### Supplied information:

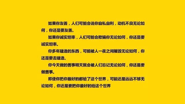 如果你友善,人们可能还是会说你自私自利、动机不纯,无论如何,你还是要友善;
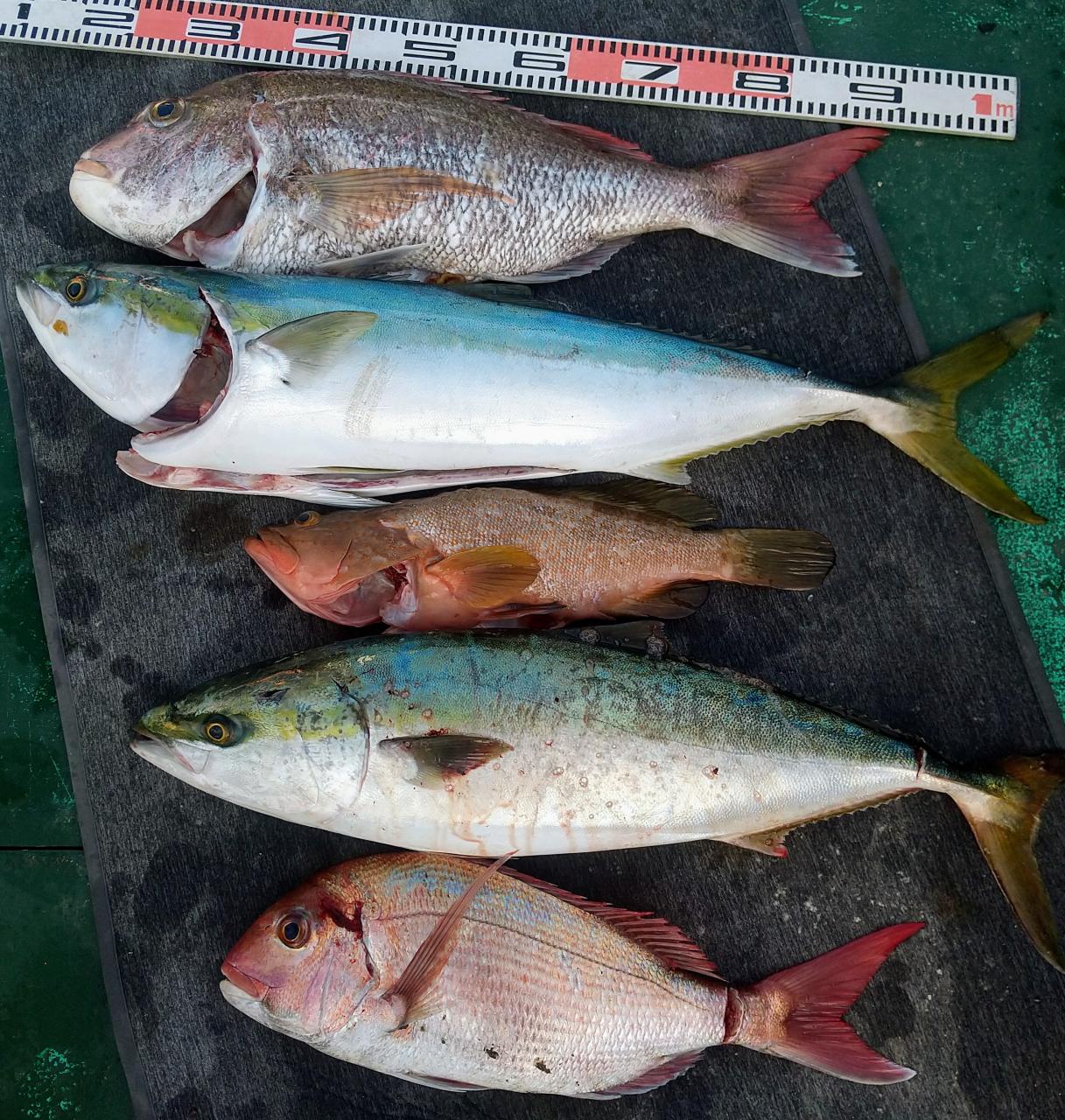 結果、マダイ80センチ、70センチ、60センチ、45センチ、
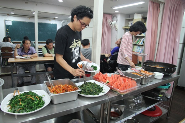 ![]() ▲지난 4월 1일, 노들장애인야학에선 급식이 시작됐다. 그러나 기초생활수급자가 대부분인 중증장애인 학생들에게 급식비 3000원은 큰 부담이다. 급식이 시작됐지만 급식비가 없어 여전히 밥 먹지 못하는 이들이 많다. |
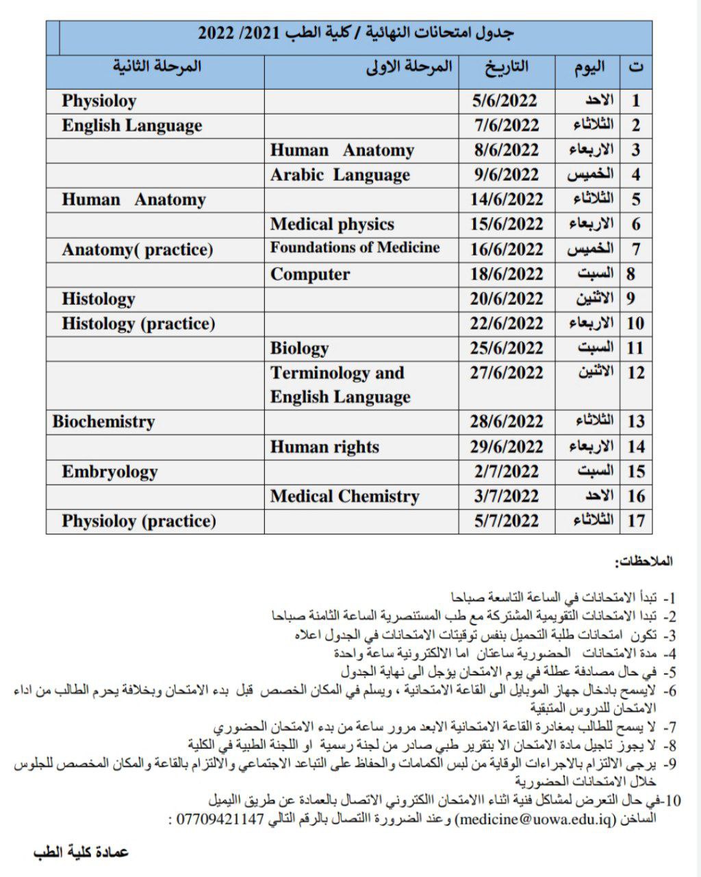 مع تمنياتنا لجميع الطلبة بالموفقية والنجاح

### What you have to do:
Write the listing above out again word for word, excluding all images.

### Solved problem:
 如果你友善,人们可能还是会说你自私自利、动机不纯,无论如何,你还是要友善;
 結果、マダイ80センチ、70センチ、60センチ、45センチ、
 ![]() ▲지난 4월 1일, 노들장애인야학에선 급식이 시작됐다. 그러나 기초생활수급자가 대부분인 중증장애인 학생들에게 급식비 3000원은 큰 부담이다. 급식이 시작됐지만 급식비가 없어 여전히 밥 먹지 못하는 이들이 많다. |
 مع تمنياتنا لجميع الطلبة بالموفقية والنجاح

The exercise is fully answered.